First, and most basic, is the listicle. “109 Cats in Sweaters is literally that,” says Shepherd. “There’s nothing more going on there.”

Second is the definitive list — the list that sets out to encompass all of something, like The 50 Cutest Things that Ever Happened. These lists have a strong tendency to go viral — 316,000 Facebook likes on that one so far — but they take a lot of effort.

“I didn’t just go and find 50 cute pictures that I liked. I thought back to my five years of scouring for cute animals on the Internet and the ones that really struck me and stuck with me,” he said. “Compiling that list took a huge amount of time and required having spent a lot of time looking at these things, whereas if you do something that is kind of more simple, you don’t want to put a big round number.”

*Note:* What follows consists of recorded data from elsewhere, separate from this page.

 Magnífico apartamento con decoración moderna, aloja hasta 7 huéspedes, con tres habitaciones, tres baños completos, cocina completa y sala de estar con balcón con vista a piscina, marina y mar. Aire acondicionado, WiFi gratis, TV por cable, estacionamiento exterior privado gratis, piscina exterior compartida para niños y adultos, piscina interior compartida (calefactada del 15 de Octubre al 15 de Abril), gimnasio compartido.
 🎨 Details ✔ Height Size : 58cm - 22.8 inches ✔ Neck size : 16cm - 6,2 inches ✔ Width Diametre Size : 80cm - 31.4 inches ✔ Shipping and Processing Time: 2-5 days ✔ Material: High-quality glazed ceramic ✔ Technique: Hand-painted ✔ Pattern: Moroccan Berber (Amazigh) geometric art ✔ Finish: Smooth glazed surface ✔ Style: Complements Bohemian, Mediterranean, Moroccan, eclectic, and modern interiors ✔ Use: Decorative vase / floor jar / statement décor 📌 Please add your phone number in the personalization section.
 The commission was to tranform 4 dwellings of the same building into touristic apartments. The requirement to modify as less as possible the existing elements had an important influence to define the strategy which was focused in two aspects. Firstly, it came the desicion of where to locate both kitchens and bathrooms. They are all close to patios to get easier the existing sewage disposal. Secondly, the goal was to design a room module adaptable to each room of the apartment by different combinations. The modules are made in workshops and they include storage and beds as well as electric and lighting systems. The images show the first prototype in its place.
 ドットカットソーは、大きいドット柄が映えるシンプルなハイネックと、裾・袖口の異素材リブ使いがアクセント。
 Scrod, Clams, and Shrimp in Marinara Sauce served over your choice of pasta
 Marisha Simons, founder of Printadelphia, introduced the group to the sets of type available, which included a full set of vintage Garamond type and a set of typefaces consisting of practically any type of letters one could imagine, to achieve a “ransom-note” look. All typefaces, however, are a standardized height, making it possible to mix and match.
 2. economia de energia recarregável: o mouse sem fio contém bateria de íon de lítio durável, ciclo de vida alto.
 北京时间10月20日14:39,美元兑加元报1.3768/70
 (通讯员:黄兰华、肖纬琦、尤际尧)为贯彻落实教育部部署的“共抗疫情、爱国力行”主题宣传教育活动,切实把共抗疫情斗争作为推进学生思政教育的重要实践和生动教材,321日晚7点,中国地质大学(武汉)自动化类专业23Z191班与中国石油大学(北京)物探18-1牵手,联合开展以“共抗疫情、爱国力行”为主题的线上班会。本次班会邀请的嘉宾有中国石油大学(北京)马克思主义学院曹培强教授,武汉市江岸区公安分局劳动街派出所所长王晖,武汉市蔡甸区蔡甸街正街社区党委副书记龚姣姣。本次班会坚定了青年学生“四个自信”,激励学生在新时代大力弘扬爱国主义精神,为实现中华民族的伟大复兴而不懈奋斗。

And finally, there is the framework list — the list that only exists to structure a narrative. Take, for example, 54 Reasons You Should Go To A Dog Surfing Competition Before You Die.

The number 54, “in that case, that’s just a way of organizing this story that I’m telling about this amazing experience I had watching these dogs surf in San Diego,” Shepherd says. “If one of the items is that bulldogs are better surfers, and I have five great bulldog pictures that I’ll group under that number, it sort of doesn’t really matter.”

This is the most important kind of list for BuzzFeed, the one that helped it get past its reputation for creating Internet drivel and begin building a broader audience. This kind of list has the best content, but also the most arbitrary length — there are as many items as it takes for the story to be done.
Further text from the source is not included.